I’ve reached the point in a cold at which I don’t know whether to laugh or cry. I actually found myself researching the inventor of Kleenex, which apparently had their origins in 17th Century Japan. Who knew?
My mother raised her daughters to use handkerchiefs but this cold has surpassed my willingness to launder even my extensive supply. I’m carrying a tissue box from room to room. I’ve taken a hot shower, read a decent but unchallenging police procedural, consumed crackers and hot tea multiple times, and slept on the world’s least comfortable couch under the soft blanket that Jennie Taggart Wandfluh gave me for Christmas.
The dog doesn’t know what to make of my constant hacking. She casts a baleful eye in my direction when I sneeze. I’m out of juice and discovered that I have no idea what vegetarians do instead of chicken noodle soup.

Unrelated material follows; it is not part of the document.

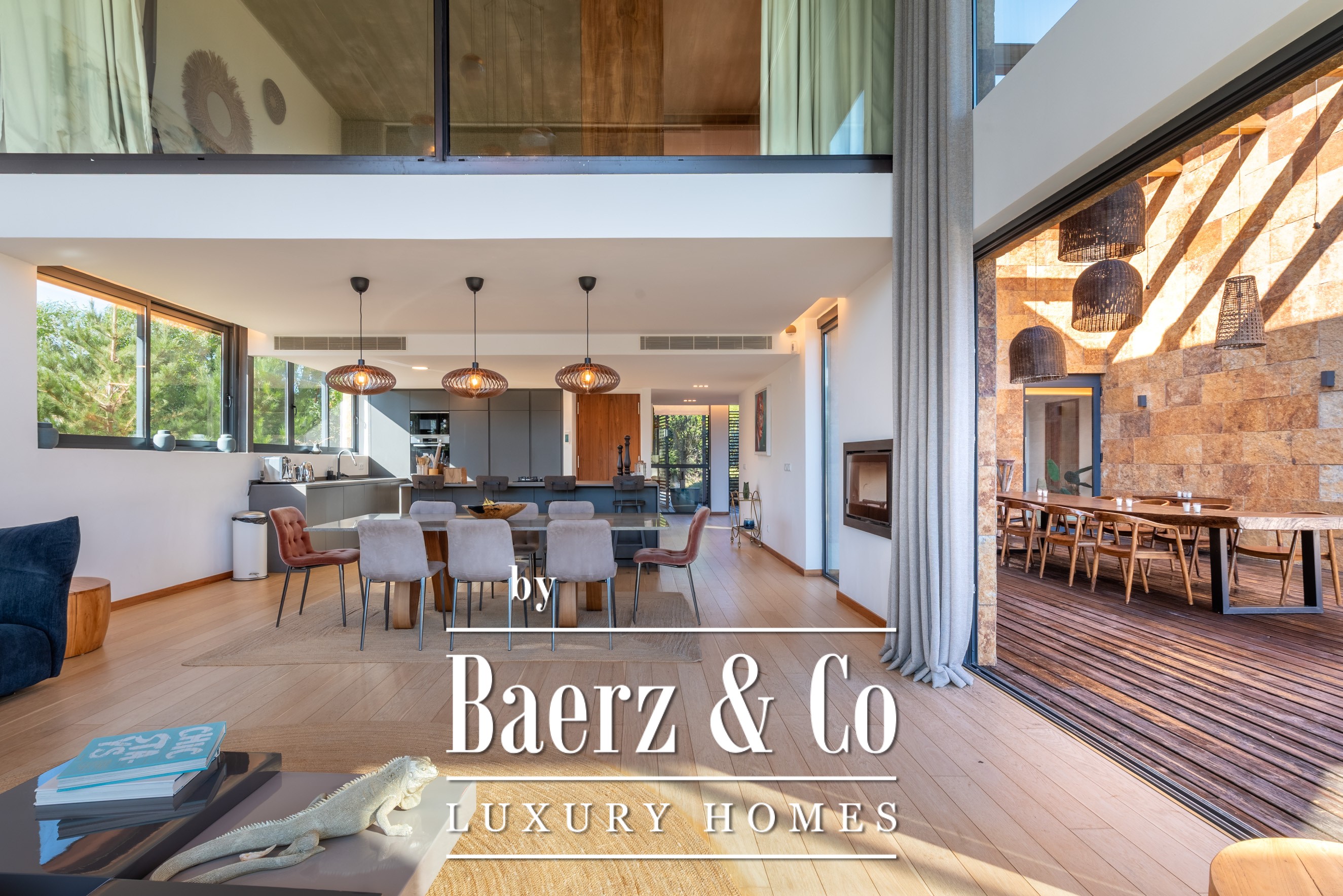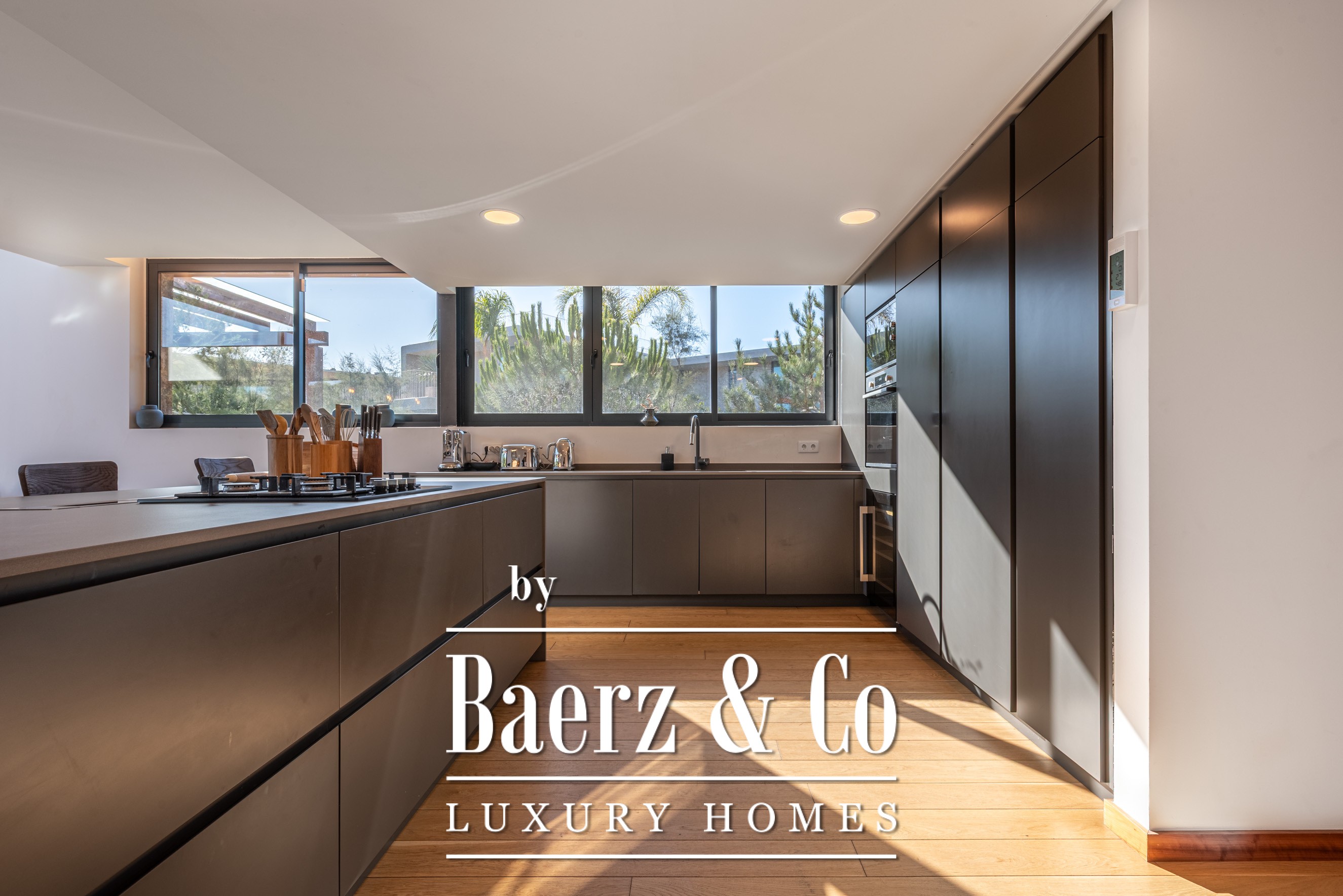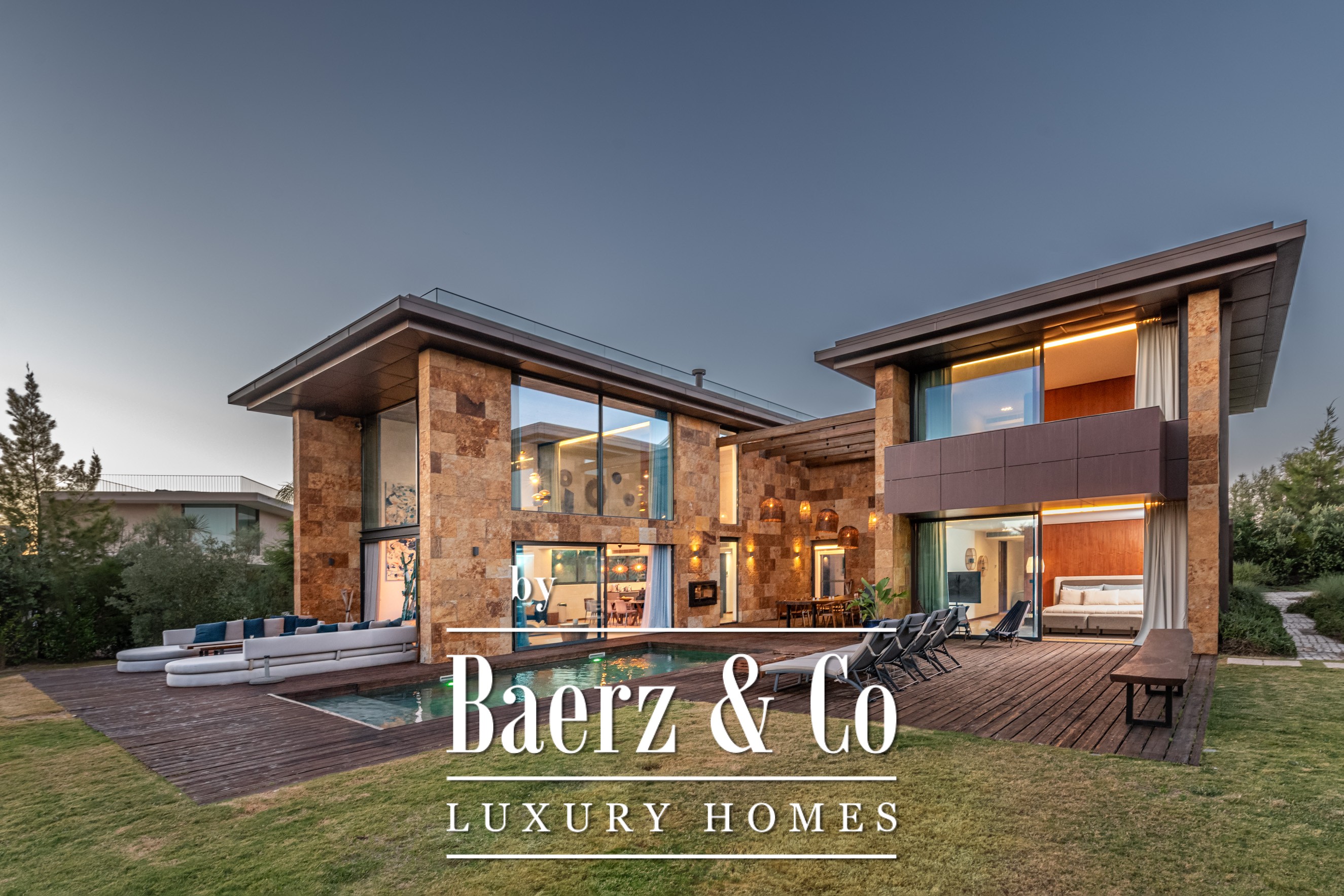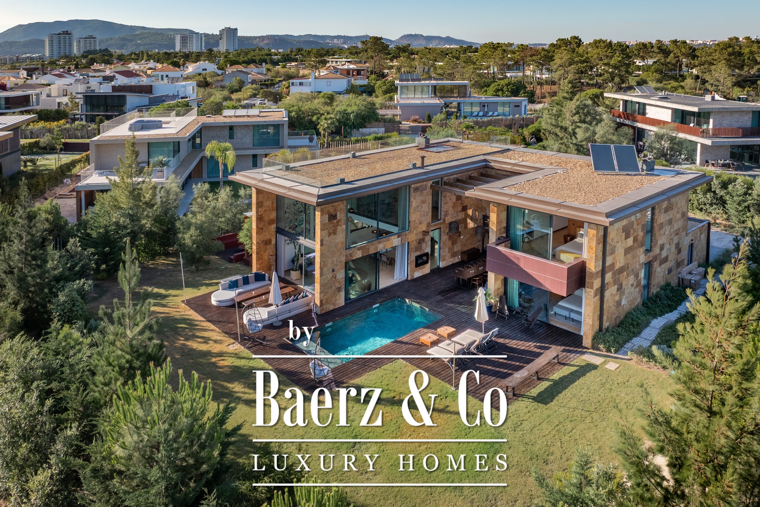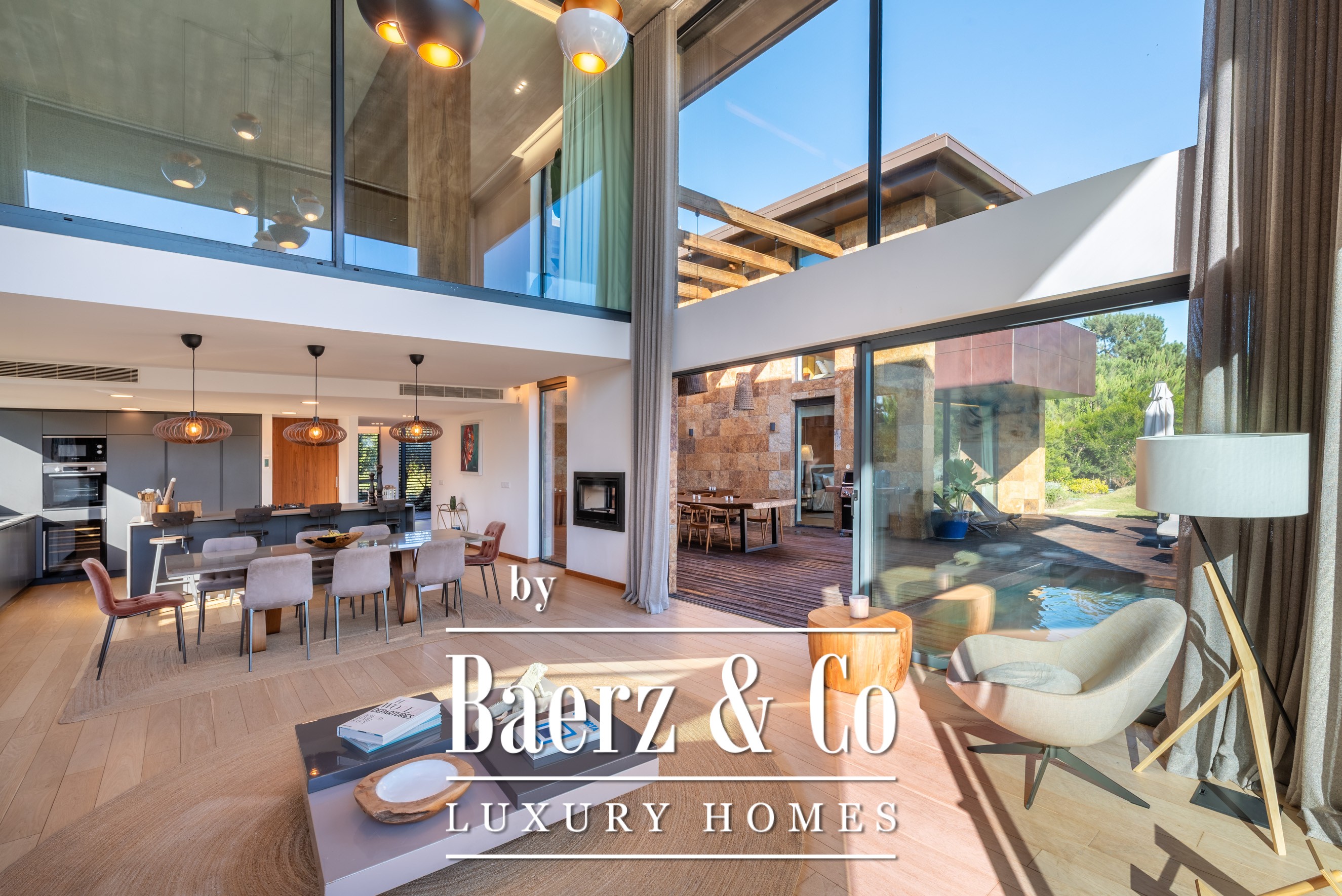 Located in exclusive Tróia Atlantic Villas near Comporta, this stunning modern villa sits moments from the Atlantic Ocean with pristine beaches just a 5-minute walk away. Only 90 minutes from Lisbon, it perfectly balances coastal tranquility with urban accessibility.The striking design features sand-coloured bricks, rich wood, and expansive glass seamlessly connecting indoors and outdoors. Floor-to-ceiling windows flood the space with natural light while showcasing sweeping garden views. An elegant wooden deck wraps around the house.Outdoor spaces shine with a sleek private pool surrounded by sun loungers, plus a handcrafted wooden dining table seating 10+ guests under warm timber beam lighting. The cozy fire pit lounge area creates intimate evening gatherings. The rooftop terrace offers breathtaking sea views—perfect for sunset drinks or stargazing.Inside, the open-plan layout maximizes natural light. The living room features velvet sofas, bold contemporary artwork, and custom lighting. The dining area includes a central island and spacious table for shared meals.Four beautifully designed suites each have king-size beds, with three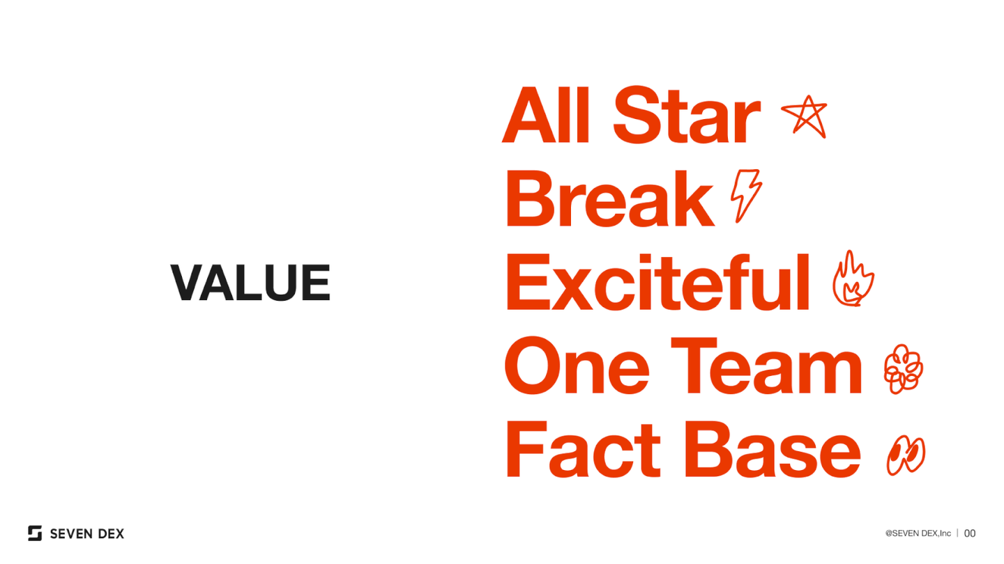 セブンデックスは、ブランド戦略からクリエイティブ制作まで一気通貫で支援する「ビジネス・クリエイティブ・スタジオ事業(BCS)」を展開しています。戦略を描くだけではなく実際に「コトを動かす」ために、スキルやノウハウだけではなく、自社のカルチャーづくりにも力を入れています。

I’ve watched ten Beat Bobby Flay re-runs and hit the “like” button on all of my friends’ posts on Facebook. I stood outside for ten minutes breathing cold winter air, huddled in a purple robe, my feet encased in the slippers that my son bought me for Christmas last year. I videographed the flags that my neighbor installed for me, replacing the broken brackets. I talked to my sister on the phone for a hot second, between coughs and sneezes.
The day draws to a close. I tell myself, It’s only a cold. Sunday looms; and afterwards, another brutal work-week. But I’m not complaining. I saw the sunrise. I got no bad news today. I survived. I even found the energy to make fun of myself over a few little foibles that I had forgotten I had, like not being able to drink tea that isn’t scalding hot and preferring to be alone in my misery when I’m sick.
But thank you, Angie, Jenny, and, via Jenny, Kurt for the offers of help. It’s nice to know you’d be there if I need anything. To be honest with you, what I need is the ability to reclaim my sense of humor on a permanent basis, and that healing I have to do for myself. A couple of days of forced solitude might give me a long overdue boost.
It’s the fourth day of the thirty-eighth month of My Year Without Complaining. Life continues.